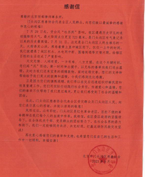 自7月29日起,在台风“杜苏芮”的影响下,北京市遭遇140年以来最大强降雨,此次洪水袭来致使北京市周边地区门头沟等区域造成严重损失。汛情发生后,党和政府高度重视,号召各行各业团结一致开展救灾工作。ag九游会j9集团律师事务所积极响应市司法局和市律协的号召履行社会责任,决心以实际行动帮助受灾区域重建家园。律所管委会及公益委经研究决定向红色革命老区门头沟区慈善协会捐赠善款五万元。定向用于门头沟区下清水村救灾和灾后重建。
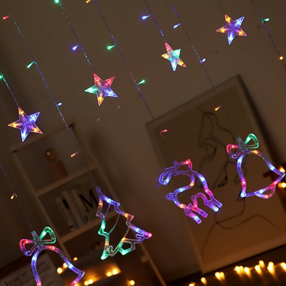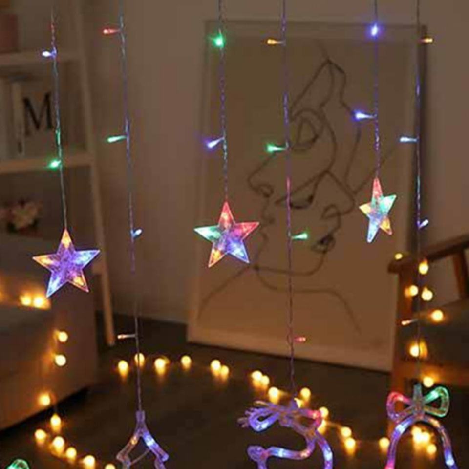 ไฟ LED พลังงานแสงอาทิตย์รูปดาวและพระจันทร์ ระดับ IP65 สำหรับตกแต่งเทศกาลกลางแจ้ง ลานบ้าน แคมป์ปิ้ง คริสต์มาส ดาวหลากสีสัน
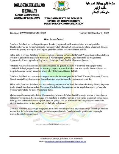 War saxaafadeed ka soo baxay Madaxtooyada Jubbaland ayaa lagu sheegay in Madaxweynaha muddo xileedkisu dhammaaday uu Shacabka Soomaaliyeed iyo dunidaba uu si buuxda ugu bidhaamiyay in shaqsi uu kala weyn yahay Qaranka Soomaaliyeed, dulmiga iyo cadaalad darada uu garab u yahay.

# # #

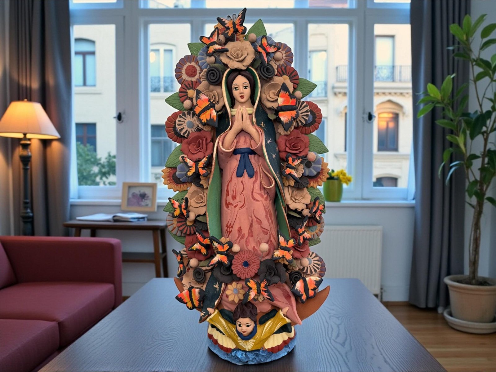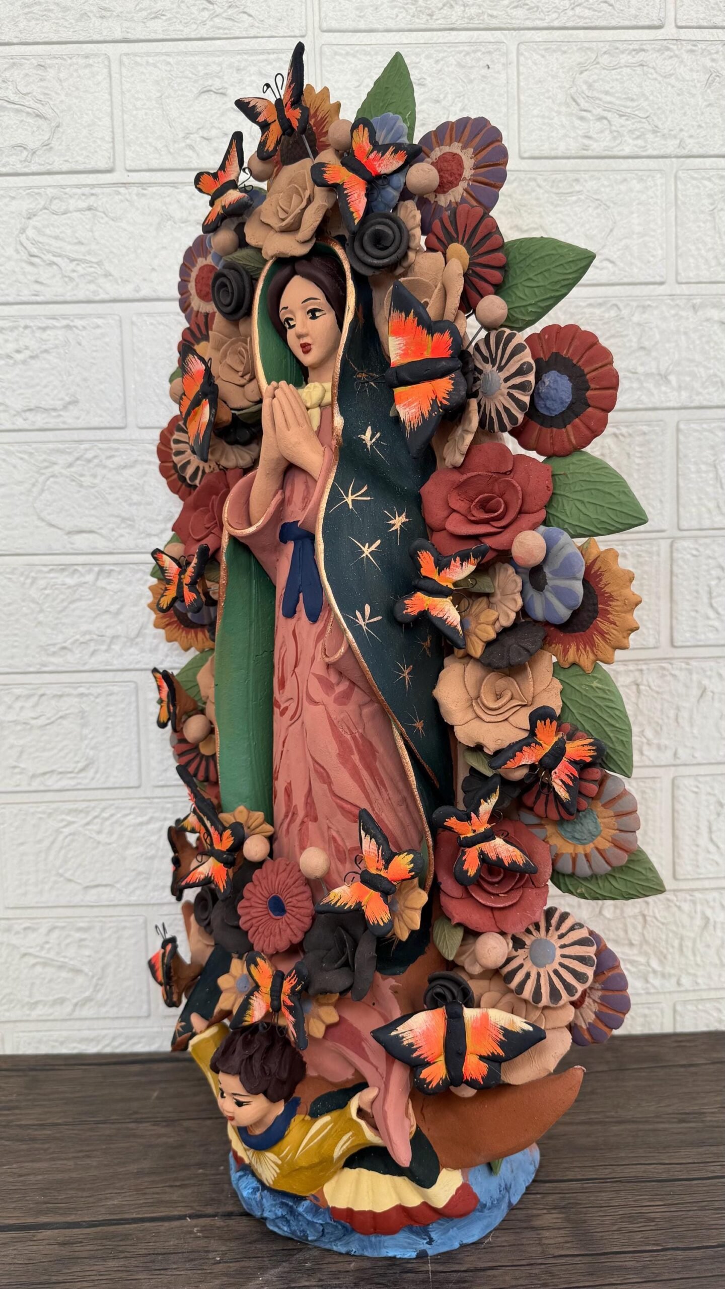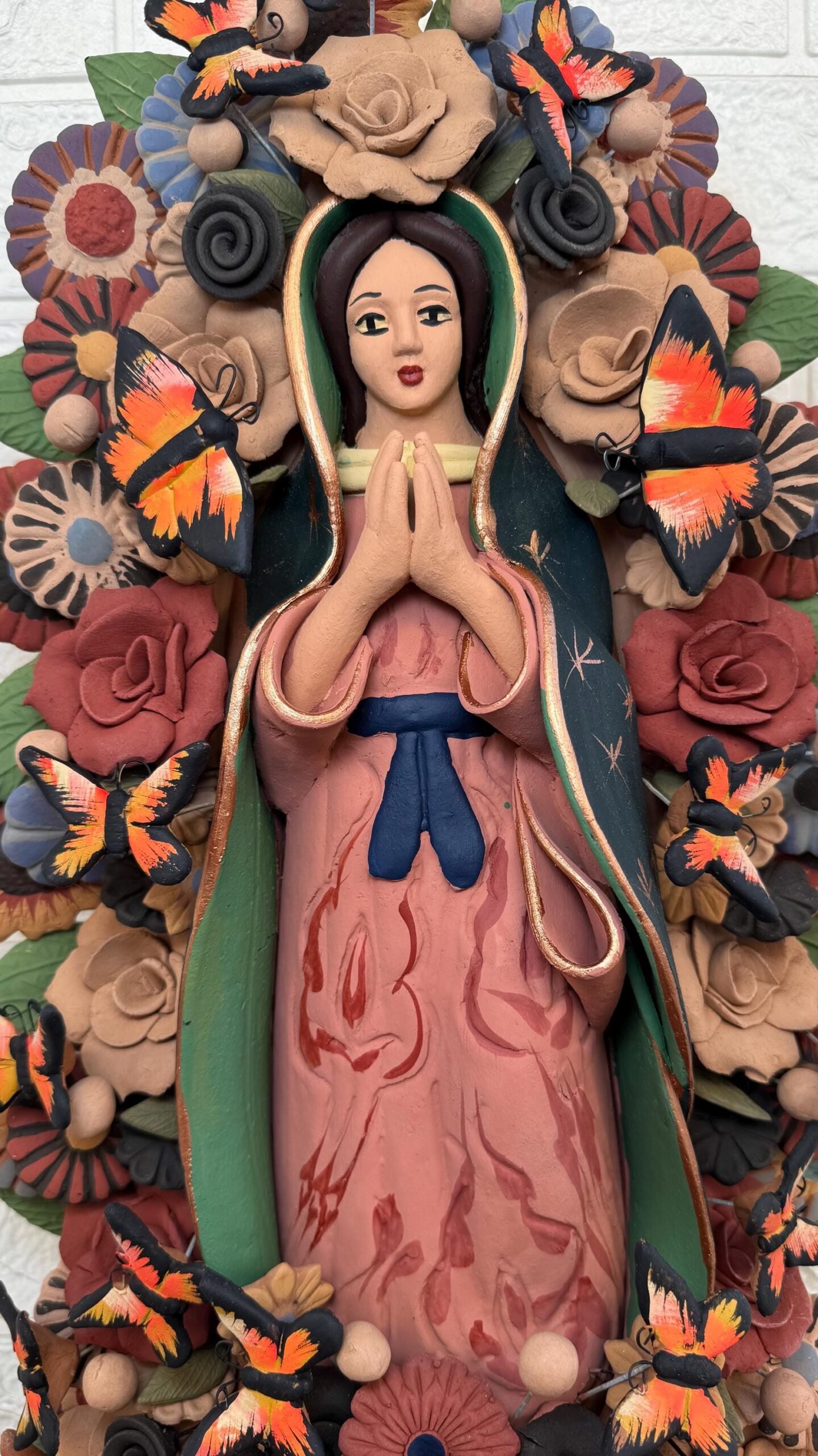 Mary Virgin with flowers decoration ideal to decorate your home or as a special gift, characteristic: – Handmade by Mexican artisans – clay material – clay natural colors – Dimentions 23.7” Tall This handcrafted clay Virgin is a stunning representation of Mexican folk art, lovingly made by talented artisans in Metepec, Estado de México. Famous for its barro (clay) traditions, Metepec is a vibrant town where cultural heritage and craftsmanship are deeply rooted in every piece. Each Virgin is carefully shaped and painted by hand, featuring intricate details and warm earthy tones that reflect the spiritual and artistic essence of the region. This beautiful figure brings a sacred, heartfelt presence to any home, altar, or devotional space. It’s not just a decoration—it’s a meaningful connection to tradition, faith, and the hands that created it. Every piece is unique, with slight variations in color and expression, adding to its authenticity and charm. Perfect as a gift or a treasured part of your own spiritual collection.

# # #

■ **INSTRUCTIONS TO FOLLOW**
Here the job is to copy the listing above word for word, starting at the line with "ไฟ LED พลังงานแสงอาทิตย์รูปดาวและพระจันทร์" and ending at the line with "War saxaafadeed ka", and to leave out the pictures.

■ **ANSWER TO THIS TASK**
 ไฟ LED พลังงานแสงอาทิตย์รูปดาวและพระจันทร์ ระดับ IP65 สำหรับตกแต่งเทศกาลกลางแจ้ง ลานบ้าน แคมป์ปิ้ง คริสต์มาส ดาวหลากสีสัน
 War saxaafadeed ka soo baxay Madaxtooyada Jubbaland ayaa lagu sheegay in Madaxweynaha muddo xileedkisu dhammaaday uu Shacabka Soomaaliyeed iyo dunidaba uu si buuxda ugu bidhaamiyay in shaqsi uu kala weyn yahay Qaranka Soomaaliyeed, dulmiga iyo cadaalad darada uu garab u yahay.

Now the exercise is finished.